International career
- Years: Team / Apps / (Points)
- 2016: Ireland U20 / 3 / (0)
- Correct as of 6 June 2021

= Conor Kenny (rugby union) =

Irish rugby union player

Conor Kenny (born 25 July 1996) is an Irish rugby union player who last played for Newcastle Falcons (2021 to 2023). He plays as a prop.

==Early life==
Kenny was born in London, England, but by 1998 his family had moved to Ferbane in County Offaly, where his father was from. He first began playing rugby with West Offaly Lions before moving to Buccaneers from under-16s onwards.

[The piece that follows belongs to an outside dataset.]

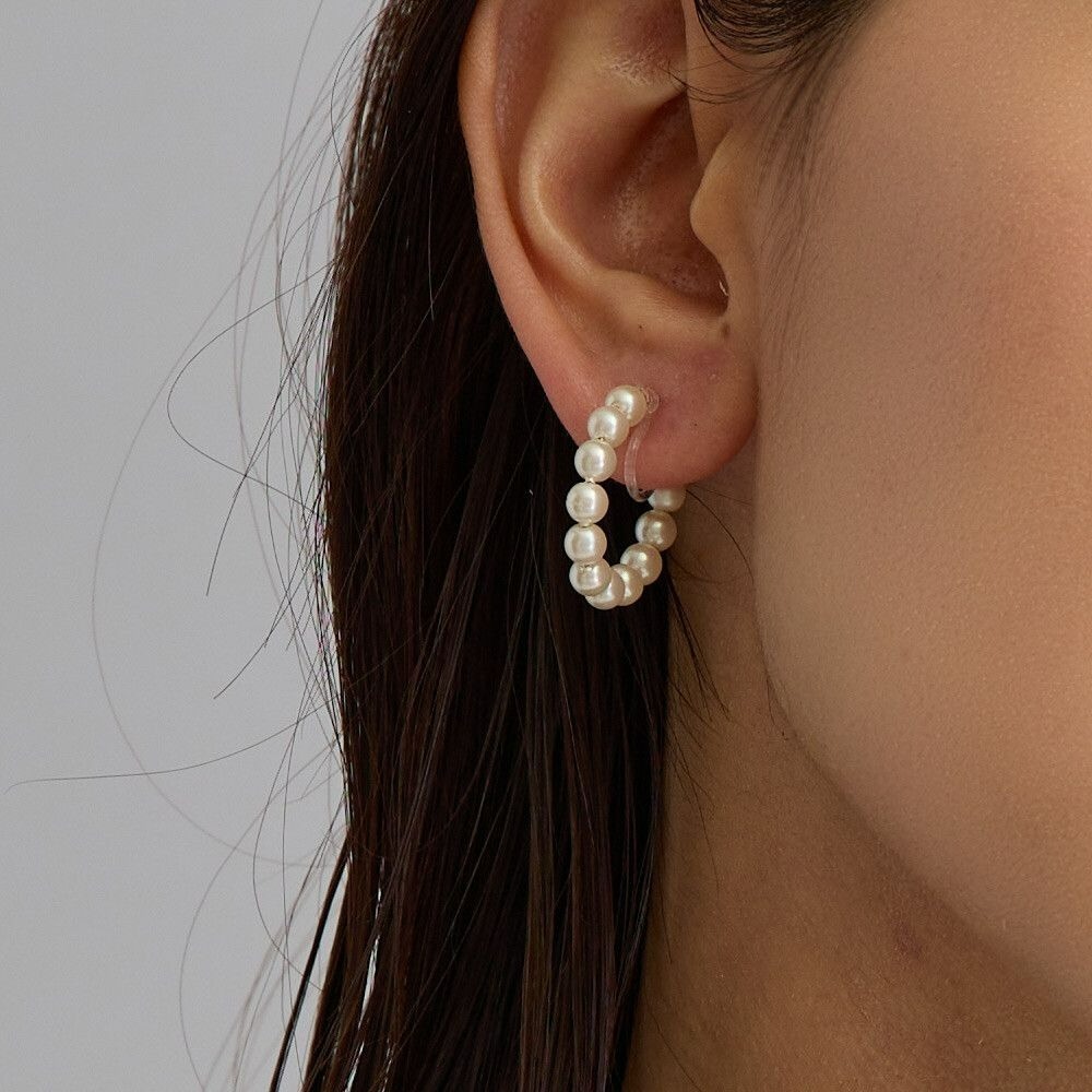 『VITA』【日製飾品|人造珍珠C字夾式耳環】

Kenny attended Gallen CS in Ferbane, but joined Garbally College in his fifth year to further his rugby ambitions, winning the Connacht Schools Rugby Senior Cup with school in 2017 after they beat Summerhill College 13–7.

==Connacht==
He joined the Connacht academy ahead of the 2016–17 season and, after completing the three-year academy cycle, he progressed to the Connacht senior squad ahead of the 2019–20 season. Kenny made his senior competitive debut for Connacht as a replacement in their 20–10 away win against Welsh side Ospreys in round 5 of the 2019–20 Pro14 on 2 November 2019.